Berkshire Hathaway shareholder Darren Pollock encouraged by Warren Buffett’s bet on a gold miner and share buybacks

Warren Buffett’s Berkshire Hathaway made a surprise investment in Barrick Gold last quarter, its latest portfolio update revealed.

It’s a promising move by the famed investor’s conglomerate, Darren Pollock, a portfolio manager at Cheviot Value Management, told Business Insider.

“The biggest and most encouraging news from the filing is Berkshire’s willingness to buy a gold mining company despite Buffett’s public dissertations against owning gold,” Pollock said.

Cheviot has counted Berkshire as its biggest holding for more than 20 years, and it owns $50 million of the company’s stock.

Cheviot also boasted a $15 million stake in Barrick after boosting the position by 30% this past March.

Buffett has repeatedly criticized gold as an investment because it isn’t a productive asset like a farm or business, and it has historically underperformed stocks.

Given his clear disdain for the metal, it is possible that one of his two investing deputies, Ted Weschler and Todd Combs, actually bought the Barrick shares, Pollock said.

“The younger portfolio managers are not beholden to Buffett’s recent views on precious metals,” he noted.

Pollock outlined several reasons why Berkshire may have decided to break from tradition and back a gold miner.

  • The price of gold is strongly correlated to the US federal budget deficit, as a deficit signals to investors that the economy is suffering and they should park their cash in “haven” assets such as gold.

The deficit has ballooned this year, and may remain elevated for years as stimulus policies drive up government spending and a depressed economy weighs on tax revenues, Pollock said.

  • The gold price moves inversely to interest rates, as low rates make it more appealing for investors to buy gold instead of holding cash that earns almost nothing in the bank, or government bonds paying paltry yields.

The Federal Reserve is likely to keep interest rates low for years to encourage spending, minimize borrowing costs for consumers and businesses, avoid sparking a wave of loan defaults, and shore up economic growth, Pollock said.

“Gold should have the wind at its back for some time,” Pollock said.

Berkshire’s stock selection was also on point, he continued, as Barrick is “a top tier gold mining company, with mines in safe jurisdictions, run by excellent management.”

“CEO Mark Bristow has overseen a great improvement in the business, reducing debt, keeping costs low, and achieving great increases in free cash flow,” he added.

Banking on Berkshire and Bank of America

Buffett and his team slashed two of their biggest positions, JPMorgan and Wells Fargo, last quarter.

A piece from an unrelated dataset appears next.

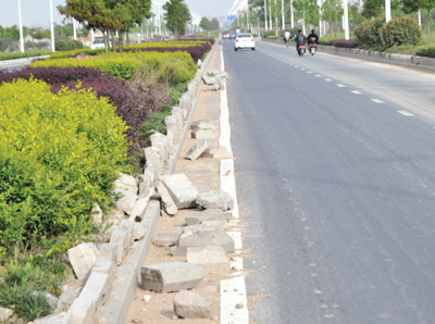 4月29日,记者途经白龙桥镇临江东路时看到,原先砌在路中间绿化带边上的装饰石已有近30米脱落。附近村民说,这些装饰石散落在路中已有一段时间,不但影响美观,还存在安全隐患,大家都希望有关部门能及时派人修复。

They also ditched the “big four” airline stocks, dumped their remaining shares in Goldman Sachs, and trimmed their stakes in other financial companies including BNY Mellon, PNC, and US Bancorp.

As a result, Berkshire’s net stock sales hit their highest level in more than a decade, Pollock said. The last time they came close to that amount was the fourth quarter of 2009, a year after the financial crisis struck, he added.

However, Berkshire’s bosses went on to plow more than $2 billion into Bank of America stock in the three weeks to August 4. They also bought back more than $5 billion of Berkshire stock last quarter, and likely repurchased another $2 billion worth in July.

Buffett is arguably sending mixed messages by backing a gold miner and dumping stocks, then betting big on Bank of America and executing record share buybacks. He may simply be picking favorites, Pollock said.

The bank sales “may indicate that Buffett believes Bank of America is the best-positioned large bank to weather the difficult economic terrain ahead,” he said.

Bank of America CEO Brian Moynihan has been a formidable leader over the past decade, and at 60 years of age, could be in charge for a while yet, Pollock continued.

Meanwhile, Buffett’s record stock buybacks represent a wager on his own company, and Pollock is “quite pleased” to see aggressive repurchases at a compelling price.